A alienação é tão grande que, por vezes, pegamos a própria Mary, vítima desse fanatismo, acreditando nas crenças pregadas, usando termos religiosos: “Deus nos observa o tempo todo. Escrevo em meu diário sob seu olhar ...”. A influência é uma coisa louca, perigosa.
O que mais tornou o livro especial para mim é bem pessoal: eu tenho um certo fascínio por culturas indígenas, pela relação que esses indivíduos têm com a floresta, com os animais. E Celia Rees traz com excelência as crenças indígenas da época. Conhecemos o personagem Gaio, um jovem índio que se torna amigo de Mary, mesmo que escondido, já que andar com nativos pode ser interpretado como adoração ao diabo. Ele conta para nossa protagonista como o “homem branco” roubou as terras de seu povo, apresenta seus costumes, a maneira como levam a vida com liberdade, acreditando que espíritos assumem formas de animais. No meu livro, "Sobreviventes do Caos", esses elementos têm um espaço mais que especial, e eu fiquei comovida ao notar muita semelhança entre a cultura indígena criada por mim e a criada por Celia Rees. Apesar de ser impossível não sermos “contaminados” com todas as histórias de índios que vemos em filmes, séries, livros, e até mesmo nas histórias verídicas desses indivíduos evoluídos. Então, apesar de chamar minha atenção, não fiquei impressionada.
O sentimento mais presente na minha leitura foi apreensão, na expectativa de ver Mary ser descoberta a qualquer momento. Confesso que me peguei triste em várias passagens, também. Mary é extremamente pessimista, porém realista. Ela sempre acaba tendo que se despedir das poucas pessoas que um dia poderia confiar, e em toda despedida ela deixa claro saber que nunca voltará a ver essa pessoa, apesar de prometerem o contrário. É triste imaginar uma criança sem esperança. Mais triste saber que essa atitude é fundamentada na realidade que vive.

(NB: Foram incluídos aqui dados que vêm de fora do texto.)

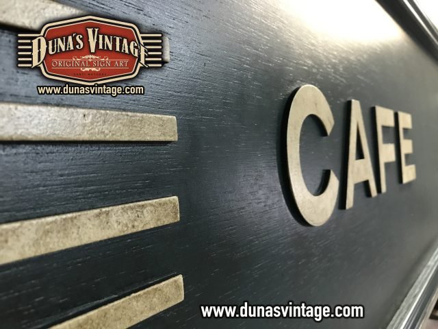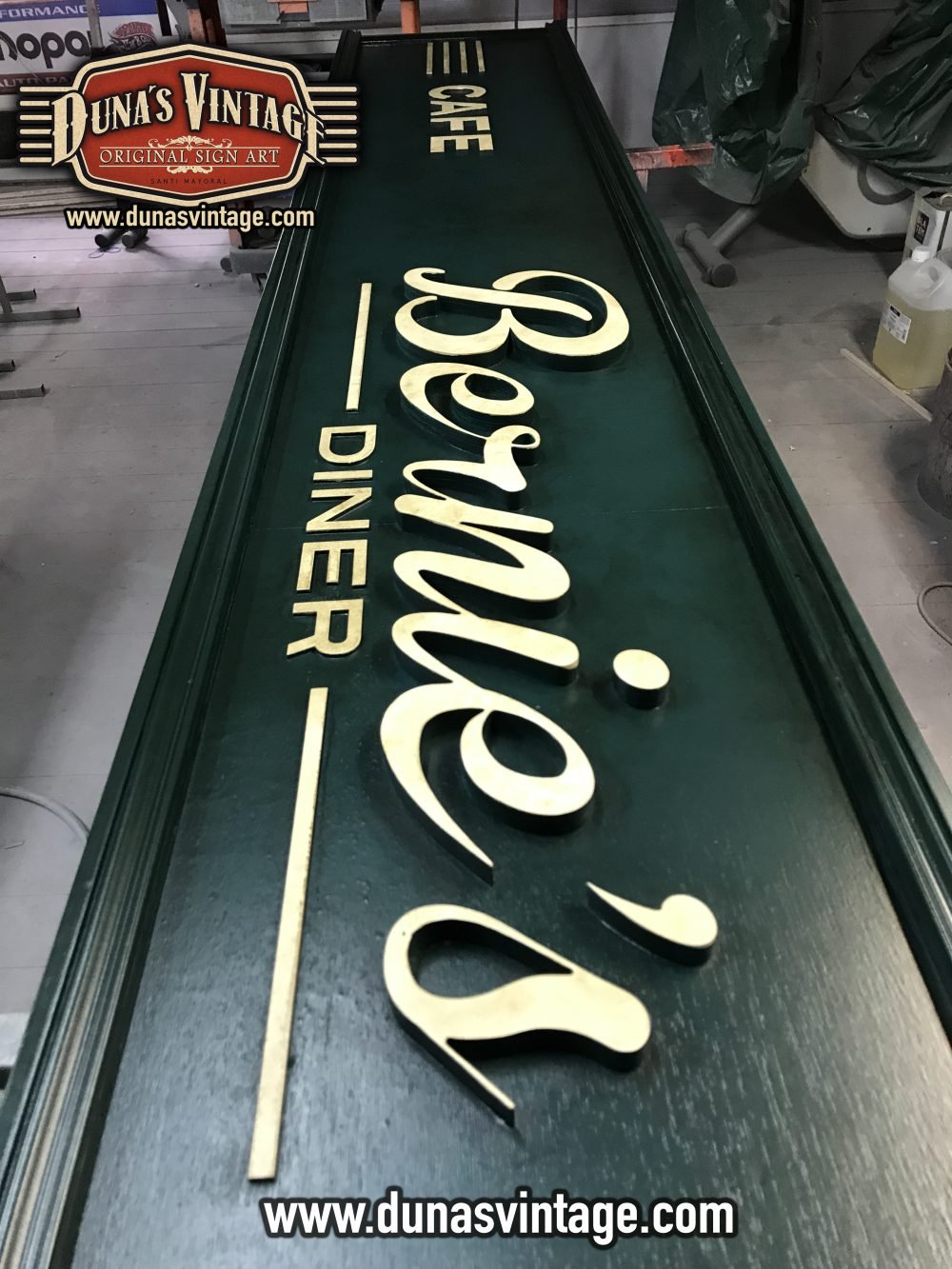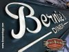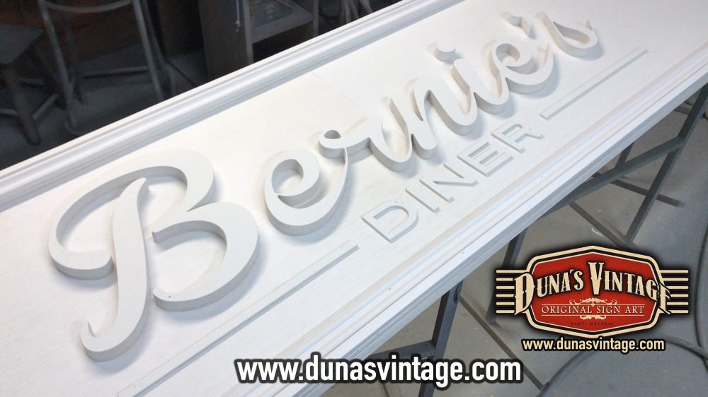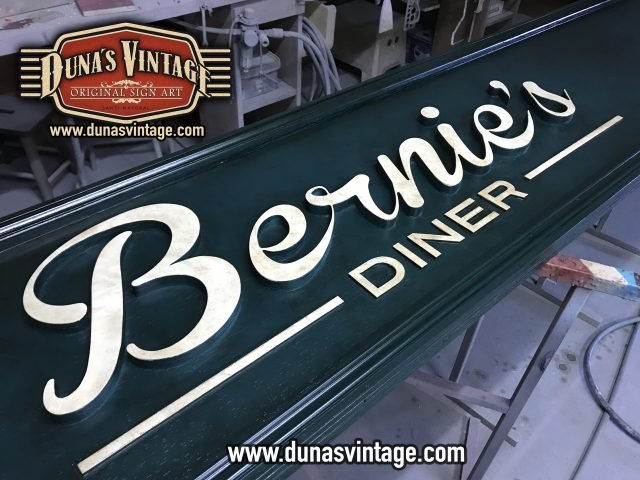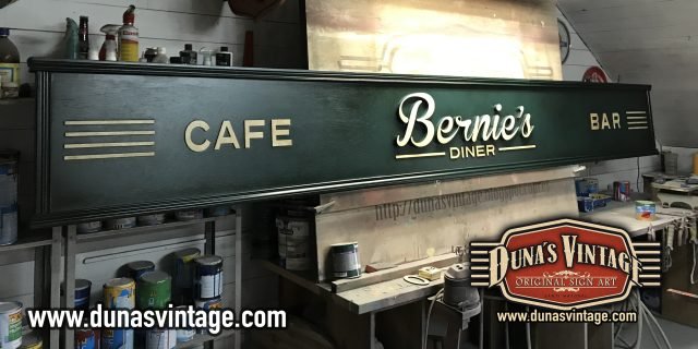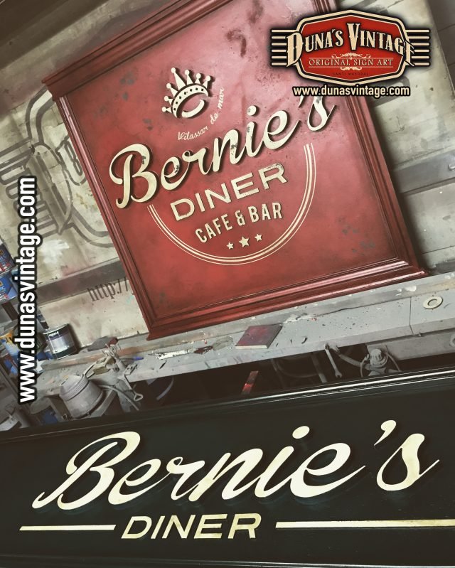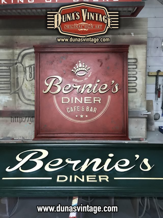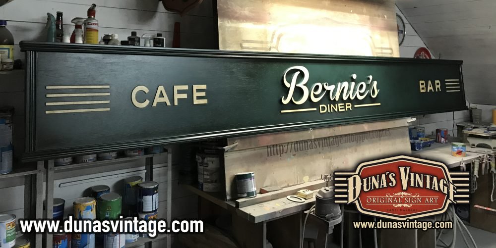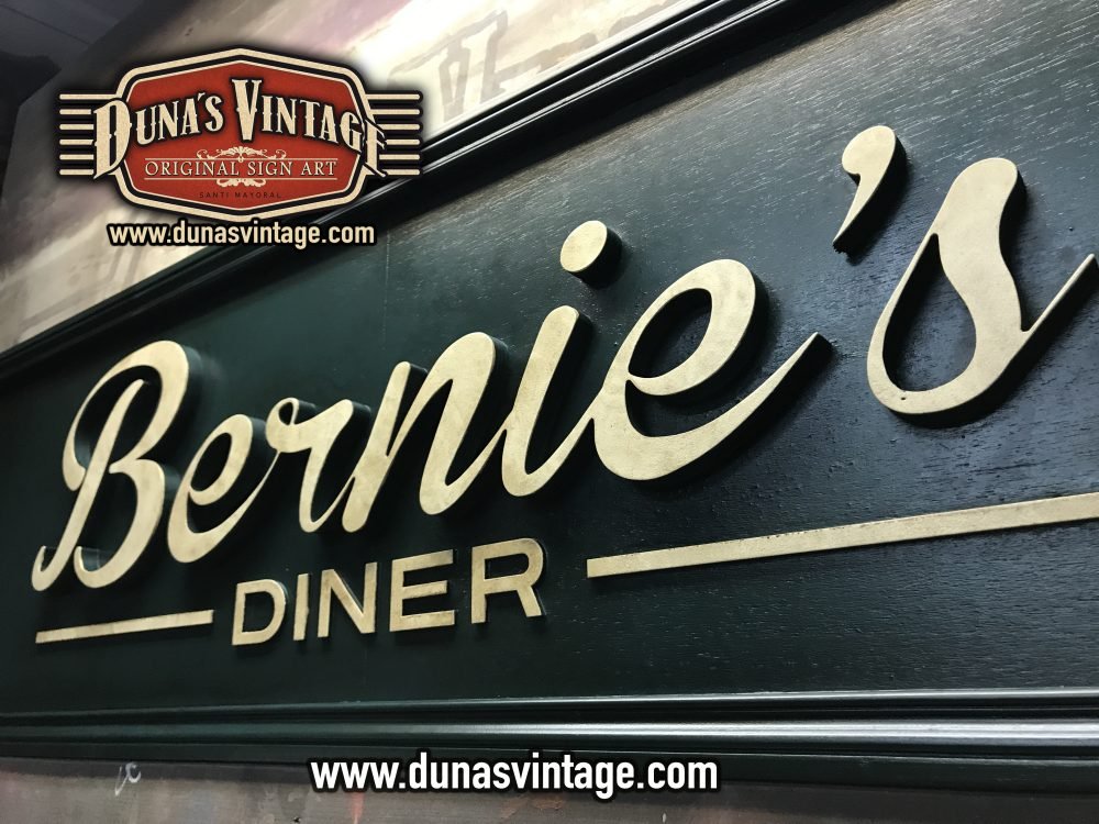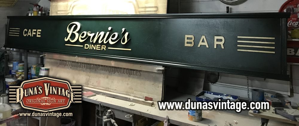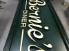 Cartel de Madera Bernie´s Diner Vilassar de Mar BCN, este cartel esta trabajado con madera de 18mm y letras corpóreas de 18mm las dimensiones del cartel son 3600x420mm en este cartel se a buscado un color verde oscuro con toques oscuros para darle una apariencia mas autentica.

Recomendo o livro pra quem gosta de uma leitura um pouco mais profunda, que traz reflexões. A escrita é simples e a leitura foi, em maioria, fluída. A autora dá uma enrolada no meio do livro, gastando muitas páginas narrando acontecimentos meio que sem importância, que não agregavam muito à história. Como o livro começou pegando fogo, eu esperava uma rapidez nos acontecimentos. De qualquer maneira, eu tenho pavor de enrolação, então talvez minha opinião seja um pouco dramática nesse caso.
Outro ponto que acho importante ressaltar é que apesar de ser uma obra de literatura fantástica, a autora não vai muito além. Se você está esperando aqueles livros de fantasia que criam um universo novo, com bruxas e seus feitiços, vai se decepcionar. A obra foi catalogada como literatura infanto-juvenil, mas eu considero uma leitura adulta. Tem algumas passagens mais infantis, como cenas em que a autora descreve picuinhas entre adolescentes envolvendo a protagonista. Mas, a reflexão que a leitura gera exige um pouco mais de maturidade, na minha opinião.